Читаем Ваксберг А.И. Моя жизнь в жизни. В двух томах. Том 1 полностью

Дима Сидур, уже тогда бородатый — борода скрывала лицевую рану, которой его, солдата, наградила война, оставив в теле еще несколько осколков, — пил понемногу вместе со всеми, но уже был как бы отдельным, чуть-чуть поодаль, улыбчатый, немногословный, предпочитавший умную речь беззаботному трепу. Именно он был гидом по мастерской — объяснял, что и почему воплощено в той или другой отесанной каменной глыбе, или пока в заготовке, или только в замысле — случалось, даже еще не пластичном, а всего лишь литературном, то есть невидимом, но поддающемся объяснению. Его подруга Юлька, вскоре ставшая женой и навсегда оставшаяся верной его огромному таланту и огромной духовной силе, ни от кого не скрывала своей влюбленности, да и не могла скрыть, — ее беспощадно выдавали глаза. Свою краску в подвальную атмосферу вносила и тогдашняя подруга Володи, — он чуть снисходительно, но не обидно называл ее «шмокодявка»: молоденькая красавица с длинной косой, она вскоре стала женой известного критика.
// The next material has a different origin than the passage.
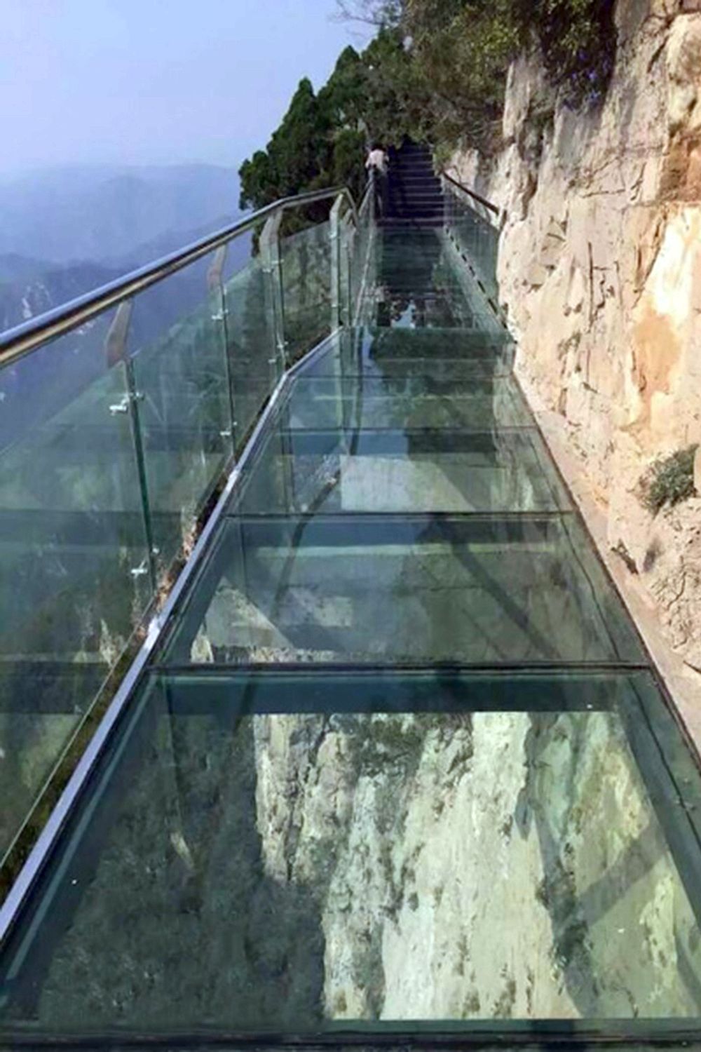 Ένας Κινέζος τουρίστας έζησε τον απόλυτο τρόμο όταν το γυαλί πάνω στο οποίο βρισκόταν σε ένα γυάλινο μονοπάτι 3.500 πόδια (1.066 μέτρα) πάνω από το έδαφος ράγισε.

Помощь, в которой нуждались три скульптора, — не просто совет, а именно помощь, — была им оказана незамедлительно. Я считался тогда добрым гением авторов, чьи права были попраны властью в лице лучших ее представителей: министерских или издательских самодуров. За какой-то грандиозный барельеф, который ребята сделали по заказу, чиновники отказались платить, вдруг сочтя гонорар, предусмотренный договором, слишком высоким: проведя запоздалую калькуляцию, они обнаружили, что общая сумма, разделенная на троих и на время работы над барельефом, превышает «среднемесячный заработок высокооплачиваемого советского служащего». Так и было — с чарующей глупостью — сказано в официальной бумаге: аванс, который скульпторы уже получили, был, по мнению запоздало спохватившихся чиновников, и без того слишком высокой платой за проделанный труд.
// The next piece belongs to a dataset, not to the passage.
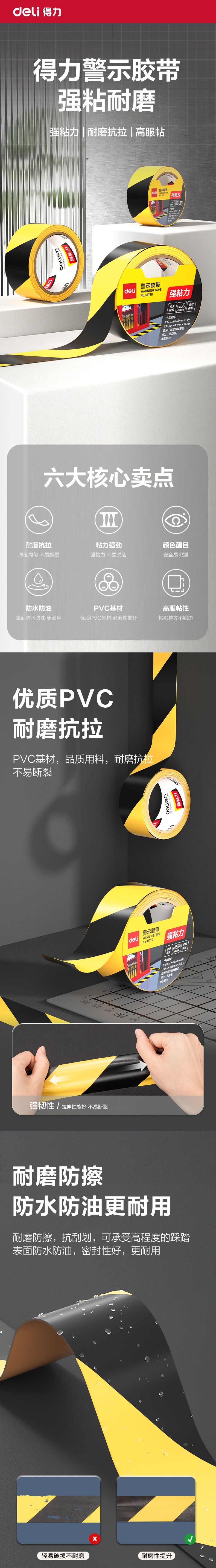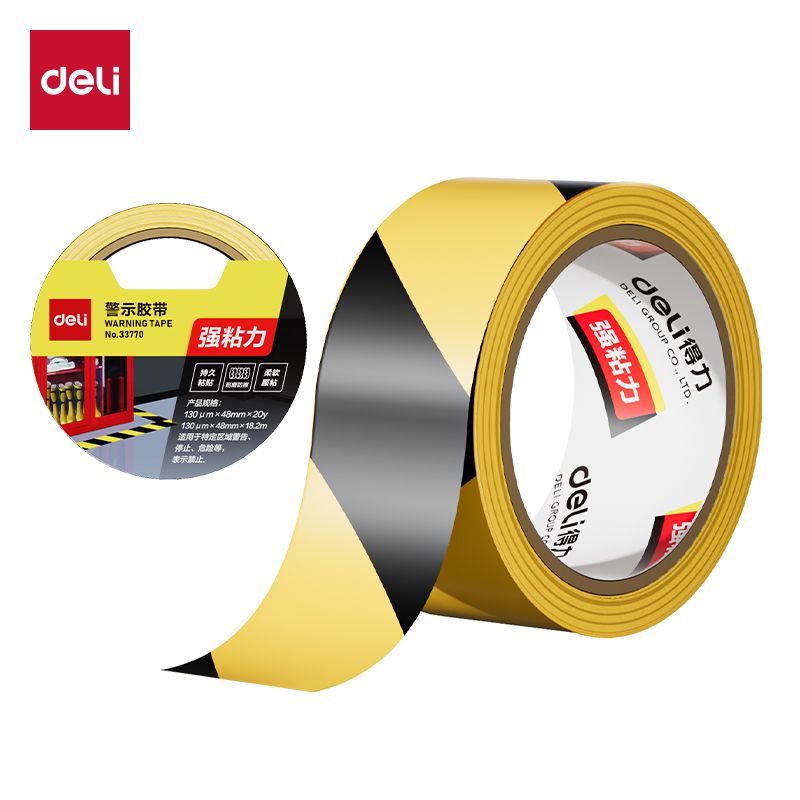 得力(deli)33770 警示胶带48mm*20y*130μm(黄黑)(1卷/热缩)

К тому времени мне пришлось провести в суде не одно так называемое авторское дело. Многотысячные гонорары действовали на судей, как красное на быка, — за несомненно принадлежавшее автору вознаграждение иногда приходилось воевать месяцами. Доводы логики, юридическая аргументация оказывались бессильными там, где главенствовало истинно «социалистическое правосознание»: и так с жиру бесятся — перебьются! Так что глупость и подлость чиновников вполне могли одержать верх над законом: у чиновников и у судей были общий язык и общая кастовая мораль. У нас с ними общего — не было ничего.
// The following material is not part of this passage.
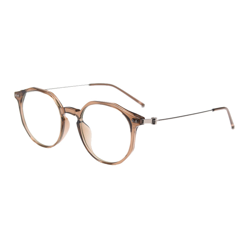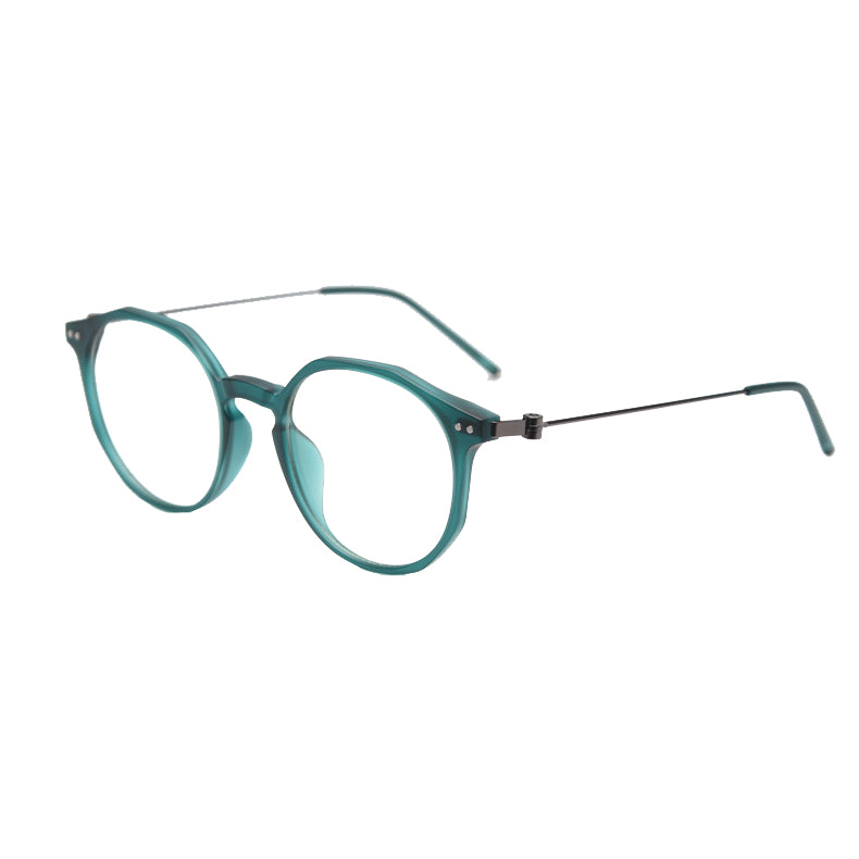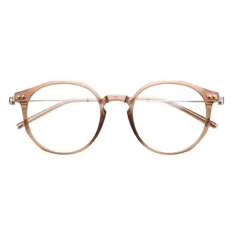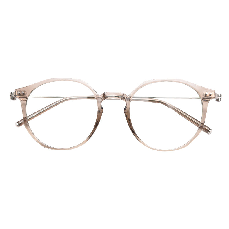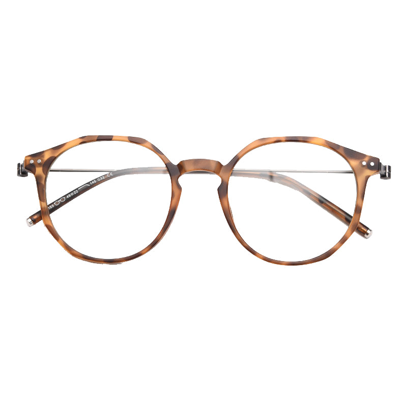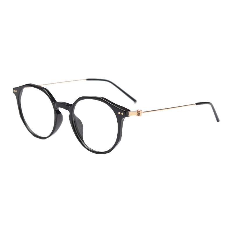 Available in a wide range of captivating colors including Black, Bright Gray, Green, Matte Gray, Tawny, Tortoise, and White, you can easily find a pair that matches your personal style. The design features round lenses with a slightly angular top edge, creating a unique hybrid round/hexagonal silhouette. There are small metal rivets/screws on the temples for both decoration and functionality, and the smooth, polished finish on both plastic and metal components gives it clean, modern lines.

На этот раз судья попался не из самых дремучих. Я рассказал на процессе известную байку — о том, как ответил великий художник на вопрос, сколько времени писал он свое полотно: «Всю жизнь и еще одну ночь». Судья улыбнулся — это был хороший знак. Мы с Димой переглянулись: он тоже почувствовал, что в судейской улыбке таится надежда. Так оно и вышло. Иск удовлетворили, ответчик даже не счел нужным решение это обжаловать. Еще несколько недель, и мы могли уже налить в наши мензурки ту жидкость, что была куплена на отыгранный гонорар.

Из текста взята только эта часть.